=== Work to be completed ===
The copy you produce must hold every record exactly, and none of the images.

[Records from a collection]
+-------+
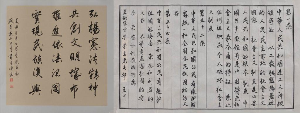 12月4日是国家宪法日,学生党员们自觉学习国家的根本法,主动增强宪法意识。为切实加强学习和弘扬宪法精神,12月5日,美术学院学生党支部开展了“写书法 学宪法”主题党日活动。
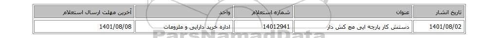 | 1401/08/02 | دستش کار پارچه ایی مچ کش دار | 14012941 | اداره خرید دارایی و ملزومات | 1401/08/08 |
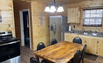 2BR 1 Bath cabin w/ full kitchen, hot tub, and living room.
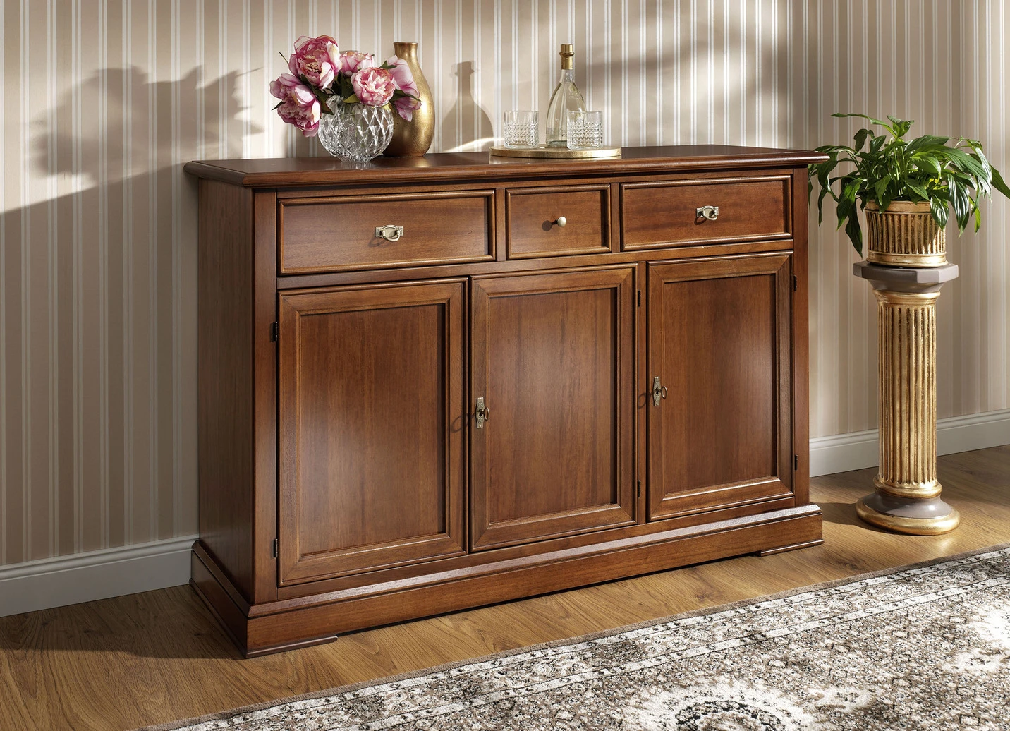 Sehr edel und perfekt für Ihren klassischen Wohnraum ist diese hervorragend zeitlose, teilmassive Kommode in der wohnlichen Farbe Nussbaum! Mit Echtholzfurnier, aufwendig gestalteten, goldfarbenen Metallgriffen und kunstvollen Verzierungen auf den Tür- und Schubladenfronten gefertigt. Die Türen sind jeweils abschließbar. Die Lieferung erfolgt aufgebaut
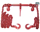 - Odciąg łańcuchowy klasy 8 składający się z zestawu elementów: napinacza grzechotkowego, oraz zintegrowanego łańcucha zakończonego dwoma hakami sworzniowymi z zab., do zabezpieczania towarów w transporcie.
+-------+
=== Answer space ===
 12月4日是国家宪法日,学生党员们自觉学习国家的根本法,主动增强宪法意识。为切实加强学习和弘扬宪法精神,12月5日,美术学院学生党支部开展了“写书法 学宪法”主题党日活动。
 | 1401/08/02 | دستش کار پارچه ایی مچ کش دار | 14012941 | اداره خرید دارایی و ملزومات | 1401/08/08 |
 2BR 1 Bath cabin w/ full kitchen, hot tub, and living room.
 Sehr edel und perfekt für Ihren klassischen Wohnraum ist diese hervorragend zeitlose, teilmassive Kommode in der wohnlichen Farbe Nussbaum! Mit Echtholzfurnier, aufwendig gestalteten, goldfarbenen Metallgriffen und kunstvollen Verzierungen auf den Tür- und Schubladenfronten gefertigt. Die Türen sind jeweils abschließbar. Die Lieferung erfolgt aufgebaut
 - Odciąg łańcuchowy klasy 8 składający się z zestawu elementów: napinacza grzechotkowego, oraz zintegrowanego łańcucha zakończonego dwoma hakami sworzniowymi z zab., do zabezpieczania towarów w transporcie.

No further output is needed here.